CHI’s analysis and interactive maps showing data from the Colorado Health Observation Regional Data Service (CHORDS) were a big hit this week among major media outlets along the Front Range. Articles covered the analysis and the findings – including the high rates of COVID in neighborhoods where residents had lower education levels and higher concentrations of non-English speakers and people of color.
CHI President and CEO Michele Lueck interviewed with CBS Denver.
“Getting the disease was much, much different by really dramatic proportions between essentially the haves and the have nots,” Lueck said. “What’s most striking and what’s most sobering to me is that these are the inequities that we see play out time and time again.”
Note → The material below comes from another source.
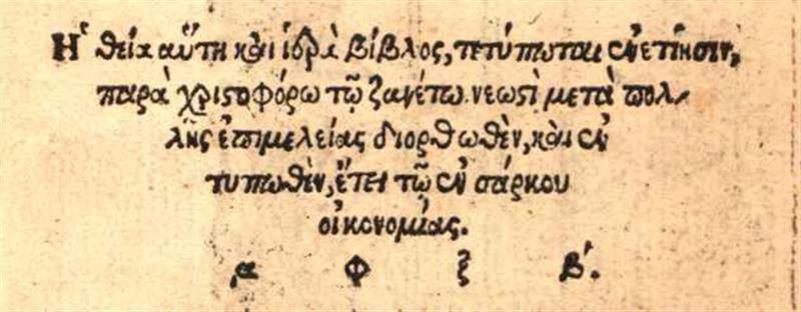 Δαμασκηνὸς Στουδίτης. Βιβλίον ὀνομαζόμενον Θησαυρὸς..., Βενετία, Christofano di Zannetti, 1562.

CHI’s Director of Communications Joe Hanel was cited by Colorado Public Radio, The Denver Post, and the Colorado Sun.
“There are neighborhoods where more people are engaged in essential work, more people live in crowded housing conditions,” Hanel said. “What we see here is COVID following socioeconomic patterns.”
The Denver Post
Denver’s blue-collar neighborhoods hit hard by COVID, while wealthier areas were largely spared - New mapping from Colorado Health Institute shows Boulder is an exception to pattern linking income and cases
When the data is mapped, Denver’s 'upside-down L' of neighborhoods where banks wouldn’t lend money in the first half of the 20th century because of their demographics is visible, said Joe Hanel, director of communications at the Colorado Health Institute.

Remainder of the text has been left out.